No, not like a hobby - like an escape from the house. Like something that is appreciated by others, and is needed, something productive. There are other things like that which many housewifes are turning to also - things which are much less fortunate perhaps. We even have celebrities glamourising them on TV with adverts for the online bingo communities, enticing us to spend our spare cash on gambling games and chatrooms.
On Saturday, I made plans to close down this blog - just like that. Gone. I could write to myself via other means - even the morning pages if you will. The blog seemed less important in my life than some time ago. There is a sense of leaving it, and moving on with different aspects of my life. It wasn’t just a threat, it was a certainty that this time around, I would just close it and be done with it. Maybe I would open up a free one, or move onto some websites I own, and re-develop them as a writer’s site, maybe not. But I needed to see an end to the public digital scrapbooking side of me, to make way. I needed the blog to close.
After the ephiphany of this last weekend, and witnessing the GMTV interview which put everything in place for myself, I’ve decided to carry on with the blog for a little while longer anyway. Because it’s part of my own mundane days, and therefore part of my sanity - for the moment.
So, maybe I’m not so depressed afterall, and I am certainly lucky in that I have long developed an outlet which is productive and interesting. I blog, I browse, I create, I write, and sometimes I even clean. I am. During those spare six hours per week day, I am. I am a worker, even if not paid. I am a creator, even if it might be a little mundane sometimes. But mundane is much more definable now as being a necessity in all of this.
Erk, Creativity shouldn’t be mundane, right? That kind of goes against the whole inspirational, artistic thing - to suggest that creating can be mundane. You can’t see someone like Picaso or Einstein ever being mundane can you - you can’t see Einstein’s hectic hairstyle ever being flattened out? I can’t be right in that feeling that a lot of my hours are mundane, surely?
But even Picaso and Einstein spent many many thousands of hours being mundane in their creativity, being who they were, and doing things to occupy their hours - before and after those recognised inspirational flashes that the world was gifted with. My world is much smaller than that, but I feel it right now to suggest that many hours of it can feel quite mundane, even ineffective, certainly inconsequential to most.
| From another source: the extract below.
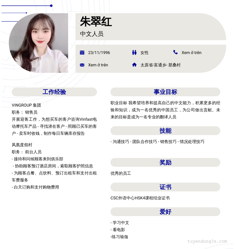 Mở xem thông tin đầy đủ ứng viên 朱翠红 chỉ với 2 điểm. Ứng viên được cập nhật ngày 12/03/2026

Perhaps I can bear with the Kids Club for a few more weeks to enjoy at least, the different world I trample into on those days. Perhaps also I can create something in my mundane hours which will be all worth it. But you know what - this whole 6 hours per day of mundane facing myself is truley a gift from somewhere. I have never felt quite so changeable and never discovered quite so much about myself as I am currently journeying through. And yes, that was a blatantly rubbish sentence which probably needs a rewrite - but I’ve got better things to do, like go sit in the sun before it goes away.